W sobotę, 31 sierpnia etap Vuelta a Espana miał miejsce po górzystej, 200-kilometrowej trasie prosto do miejscowości Villablino. Mimo przewyższenia nie można było wykluczać sprinterskiego finiszu, lecz bardziej spodziewany był sukces ucieczki.
Z tego powodu od samego początku miały miejsce ataki. Jednak peletonem przejechał wspólnie ponad 40 kilometrów. Wówczas uformowała się ucieczka dnia, w której skład weszli Jhonatan Narvaez (INEOS Grenadiers), Xandro Meurisse (Alpecin-Deceuninck) oraz Marco Frigo (Israel - Premier Tech). Wkrótce dołączyli do nich jeszcze Harold Tejada (Astana Qazaqstan Team), Isaac del Toro (UAE Team Emirates) oraz Victor Campenaerts (Lotto Dstny).
Peleton mocno pracował jednak na to, by na finiszu walczyli sprinterzy.
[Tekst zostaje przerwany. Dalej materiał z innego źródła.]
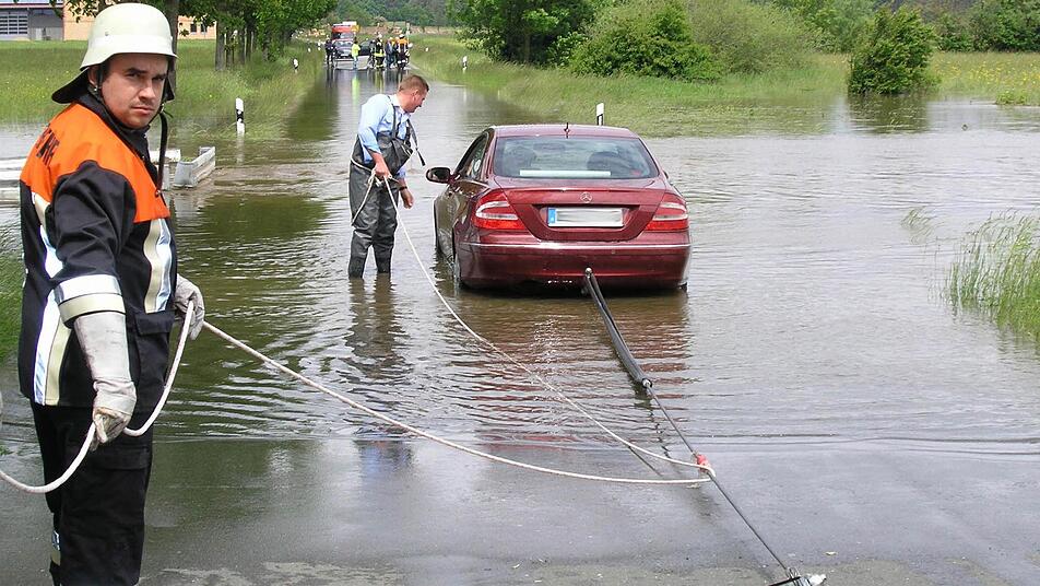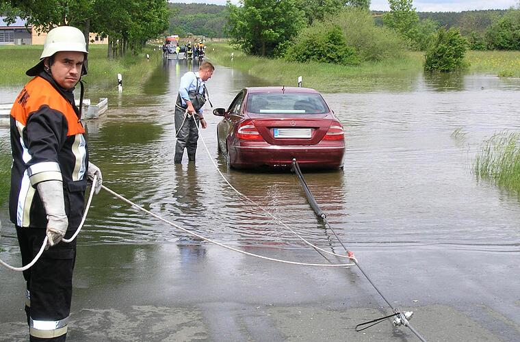 "Der vor mir hat es doch auch geschafft", meinte ein älterer Herr, als er am Fronleichnamstag mit seiner Beifahrerin aus seinem Mercedes in die kühlen Fluten stieg. Das Aischwasser war bereits bis auf Sitzhöhe ins Fahrzeug eingedrungen. Die Gremsdorfer Feuerwehr zog den Mercedes wieder aus dem Hochwasser.
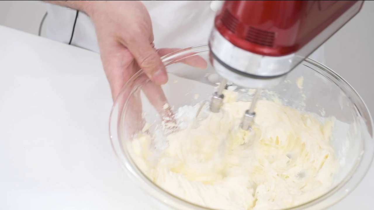 ボウルにバター、粉糖、塩を入れ、白っぽくなるまで泡立てる。- 2
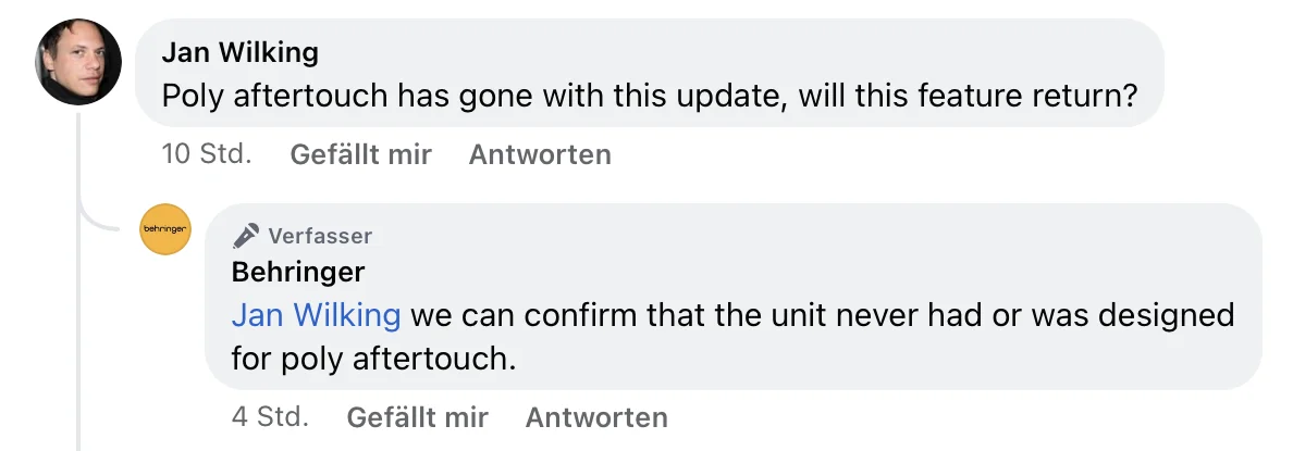 Support. Ob und wann das kommt, kein Plan.Och nö, dann muss ich meinen Testbericht ja schon wieder umschreiben. Aber grundsÀtzlich soll Poly Aftertouch als Feature bleiben? Wo hast du denn die info her?

Tyle tylko, że z ucieczki urwali się Narvaez, Frigo i Tejada, budując nieco ponad minutową przewagę nad największą grupą.
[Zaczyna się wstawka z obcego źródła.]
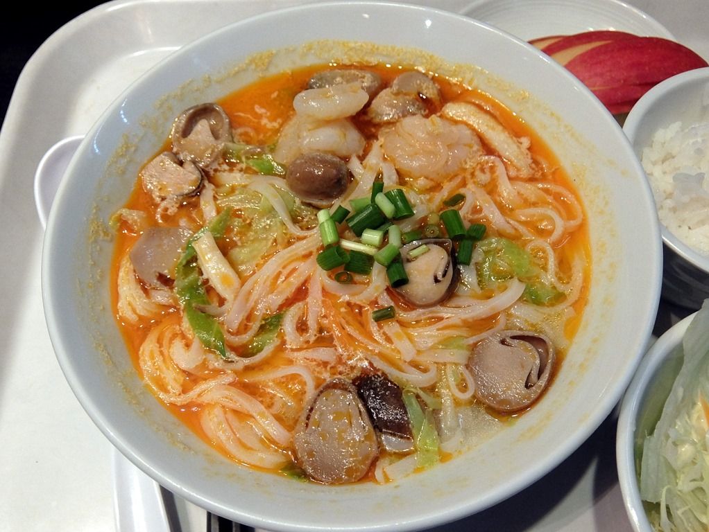 スープは、もちろん酸っぱいトムヤンクン。 ラー油みたいに赤い香油がかかっていますが、辛味はありません。
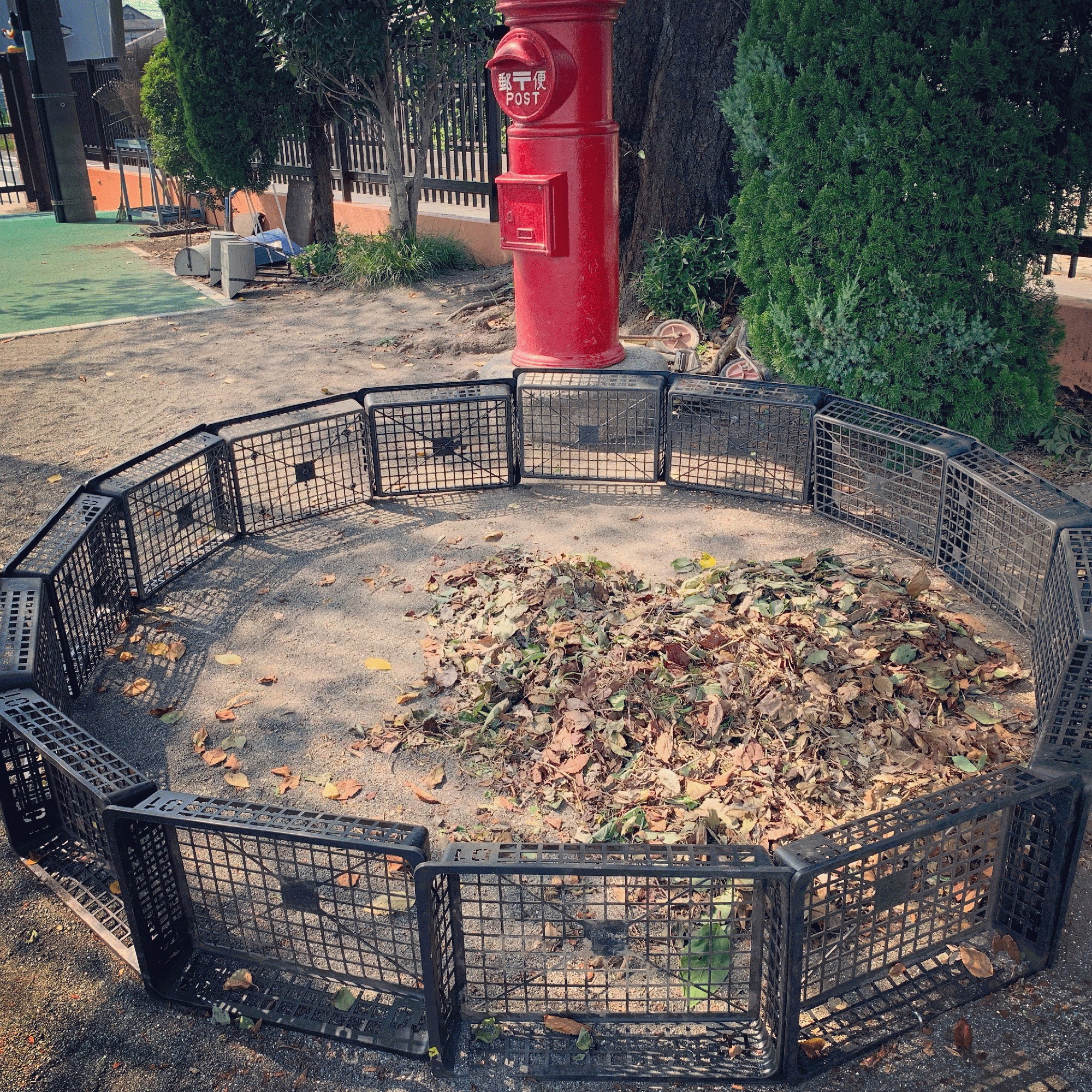 秋になると葉は落ちます。そこで一箇所に保管することで落ち葉のお風呂ができます。
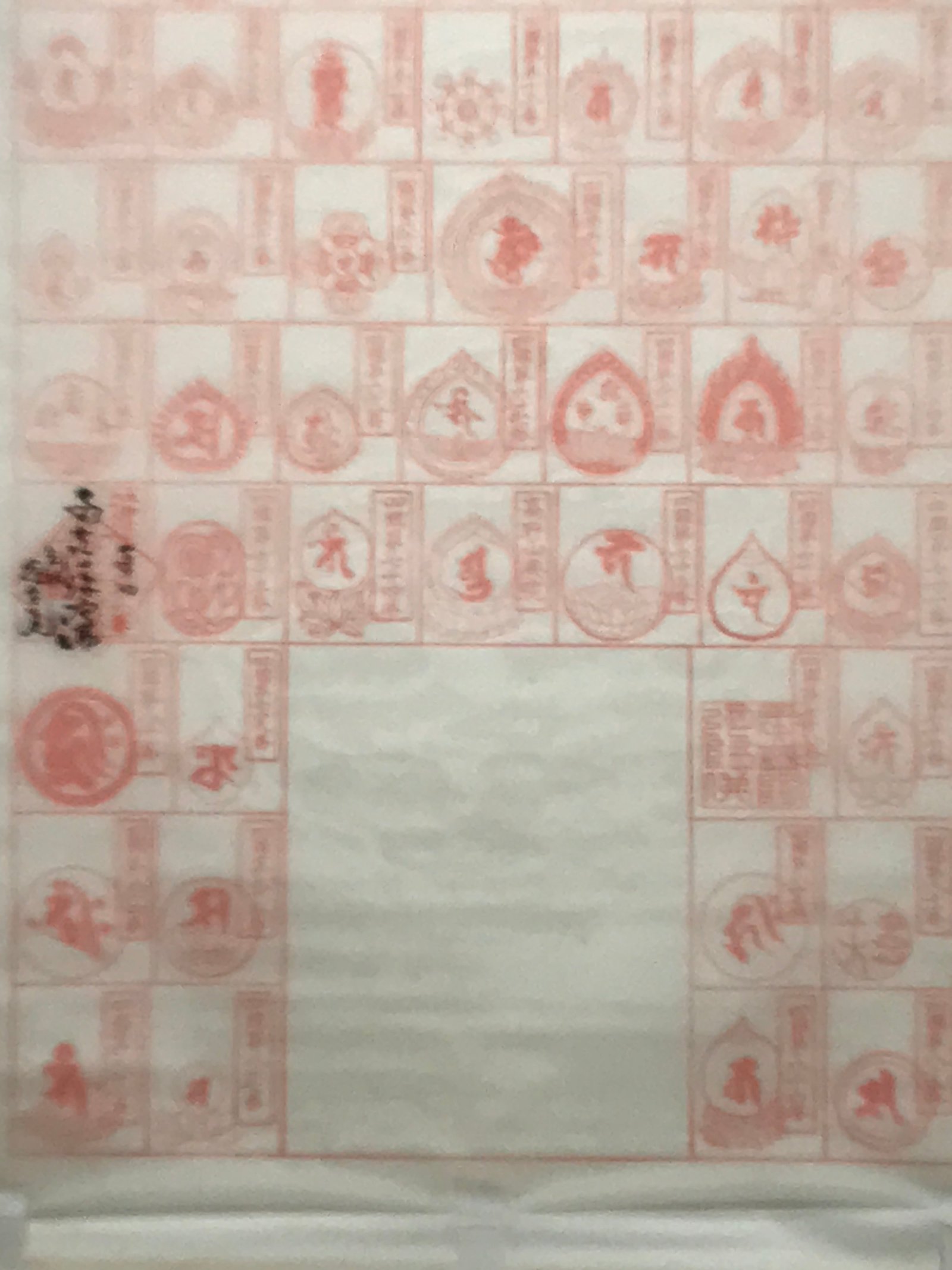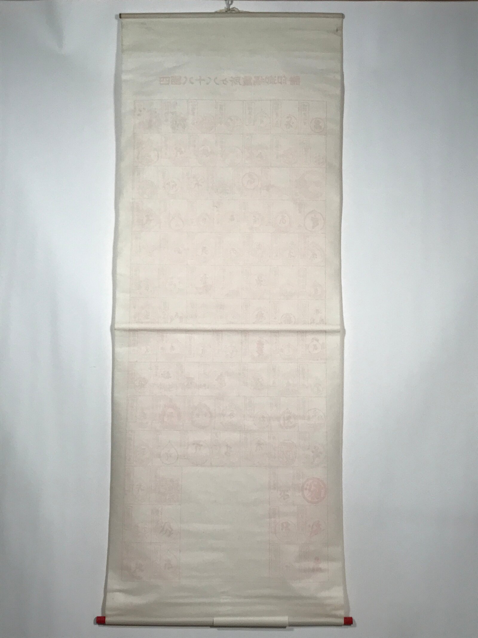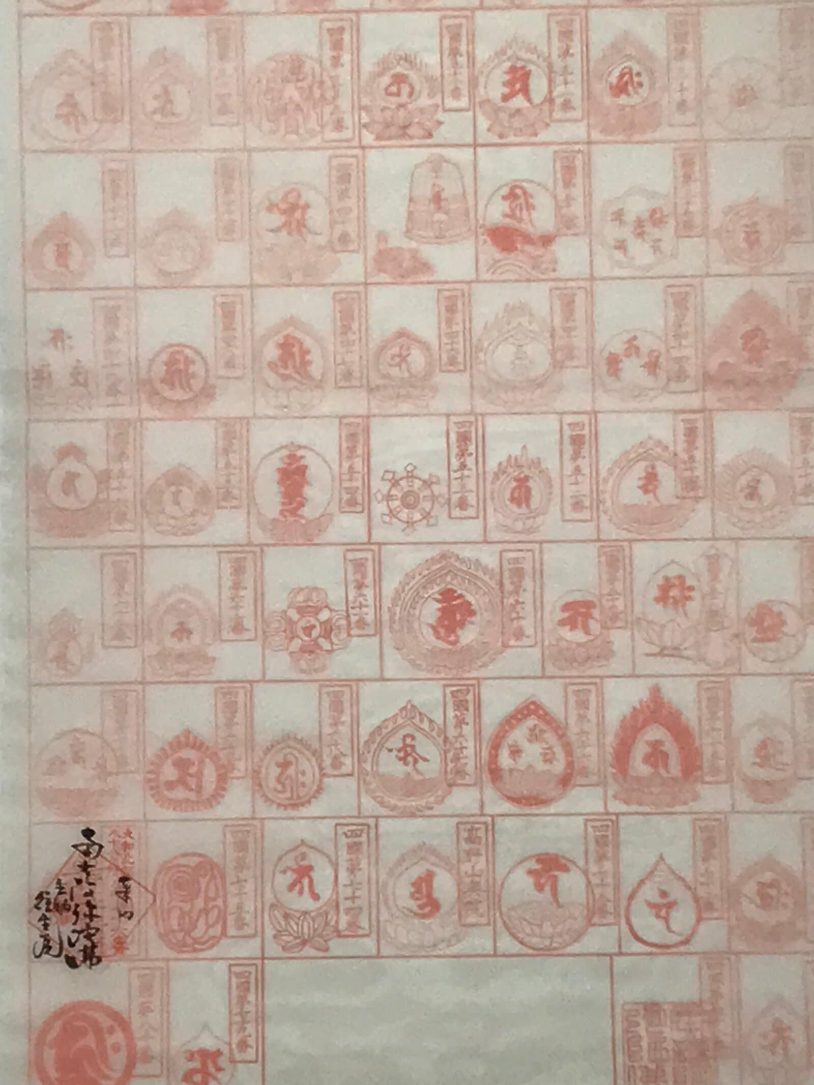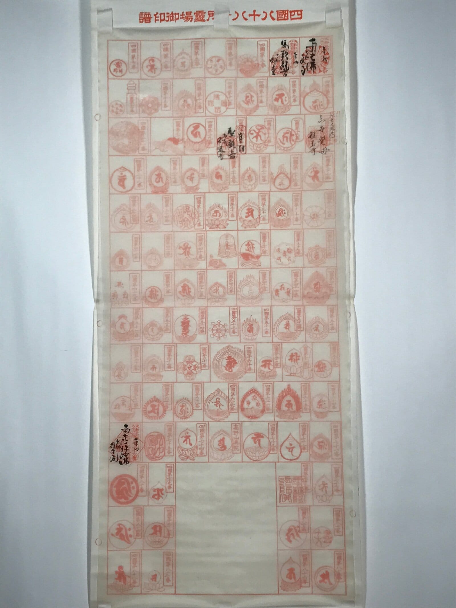 This vintage Japanese hanging scroll (kakejiku or makimono) features 88 boxes to place 88 red seals (goshuin) from the temples and places of the Shikoku Hachijuhakkasho or Shikoku Pilgrimage. This kakejiku has some boxes filled with temple seals.

ZOBACZ WIDEO: #dziejesiewsporcie: pogromca Błachowicza złapał oponę. Kilkanaście sekund i po sprawie!
Tejada nie był w stanie utrzymać tempa ucieczki. Później z kolei peleton wchłonął wszystkich kolarzy, którzy wcześniej zdecydowali się odskoczyć.
Gdy wydawało się, że cokolwiek wydarzy się dopiero na finiszu, to w pewnym momencie zatrzymali się Primoz Roglic i Daniel Felipe Martinez z Red Bull - Bora - hansgrohe. Okazało się, ze zajmujący 2. miejsce w klasyfikacji generalnej Słoweniec zaliczył defekt i po wymianie roweru musiał gonić peleton, co udało mu się dokonać.
Kolarze Alpecin-Deceuninck tuż przed końcem etapu znakomicie rozprowadzili Kadena Grovesa. Ten jednak i tak musiał się postarać, bo do samego końca o triumf walczył Wout van Aert. W sprinterskim finiszu lepszy okazał się jednak pierwszy z wymienionych i drugi raz w tegorocznym wyścigu odniósł zwycięstwo.
W klasyfikacji generalnej nie zmieniło się za wiele. Wciąż liderem jest Ben O'Connor z Decathlon AG24 La Mondiale, a za jego plecami plasuje się Roglic.